08. April 2016

Germans among Europe’s most frequent rail travellers

European comparison: Austrians and Swiss travel the most by train

Europe’s citizens travel an average distance of 961 kilometres by train every year. Germans make more use of the train.

Berlin, April 8, 2016. Germany belongs to a group of seven European countries in which citizens travel an average of more than a thousand kilometres per year by train. According to the latest report presented by the European independent rail regulator IRG-Rail, people in Switzerland and Austria were Europe’s keenest rail travellers. The figures show that in 2014, Swiss citizens travelled an average of 2,429 kilometres by train. Austrians came second with 1,426 kilometres. Third place went to the French, who travelled an average of 1,361 kilometres. Germany was sixth placed, behind Denmark and Sweden, with 1,115 kilometres per citizen and therefore above the average of 961 kilometres that each European citizen travels by train.

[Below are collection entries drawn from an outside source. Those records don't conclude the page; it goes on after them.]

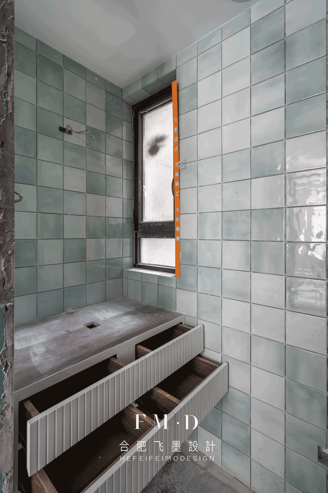 其中大套间最里面是卫生间,靠窗的位置,打造了洗漱台,底下悬空75cm高,方便清洁。卧室外面还有卫生间的话,那么两个人就能同时洗漱了,非常方便。洗漱台对面是如厕区,因为是硬装阶段,还没完工。
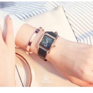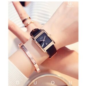 Reloj femenino premium en color negro, con diseño elegante, líneas definidas y malla de cuero que realza cualquier look con sofisticación.
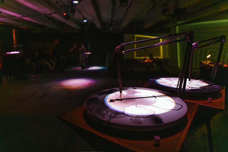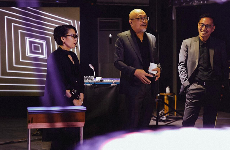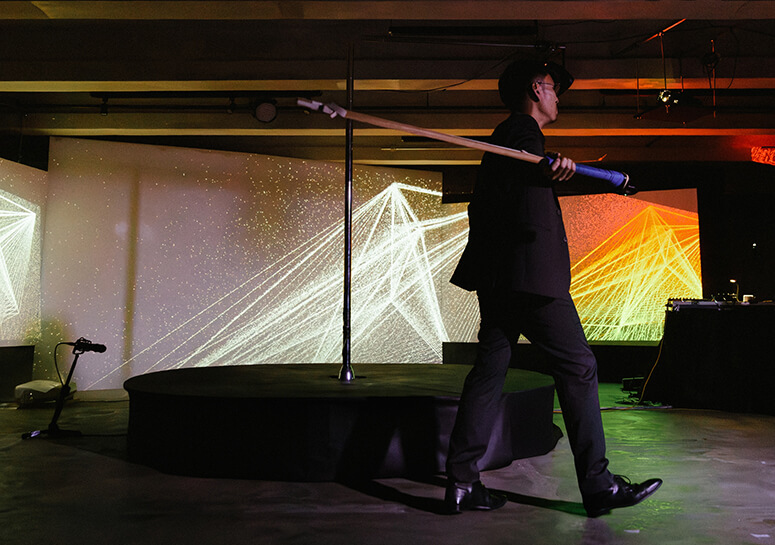 There are bits of Somatosonic’s music where it feels like a weather disturbance spewing forth: with staves that boom like collapsing mountains, a pole dance stage that jars like a crack of doom, and sensors that conjure electronic scatting and symphonic static. The multi-disciplinary art unit—composed of Tad Ermitaño, Christina Dy (CD) and Marco Ortiga—recently had a gig at WHYNot in Karrivin Plaza, where the trio engaged in an artistic dialogue with new media artist Miggy Inumerable. Their performance wove together technology, sound, pole dance, audio-kinetic sculptures, live visuals, and a darkly brewing storm of sounds.

EU comparison: railway-kilometres per person

EU-Vergleich Eisenbahn-Kilometer pro Kopf - Vielfahrer

“Germans are in the top league of rail travellers in Europe,” said the managing director of the German Pro-Rail Alliance, Dirk Flege, on Friday in Berlin. “Statistically, every German travels the annual equivalent of a return journey from Berlin to Rome by train. However, the figures from Switzerland and Austria show that there is still a lot room for improvement.” Flege pointed out that “both our neighbours have transport policies that decisively favour the environmentally friendly railways”. In order for Germany to one day become an Eldorado for rail travellers, transport policies need to be introduced that will bring about a trend reversal. “Expansion of rail infrastructure, more services that will encourage people to switch from their cars to the railways, and fairer competitive conditions between rail, road and aviation. By setting such a policy agenda, our traditionally car-oriented country could certainly develop into a pioneer for modern, sustainable transport,” said Flege. “Unfortunately, Germany’s ambitious transition to sustainable energy will be left hanging in the air without equivalent changes in transport.”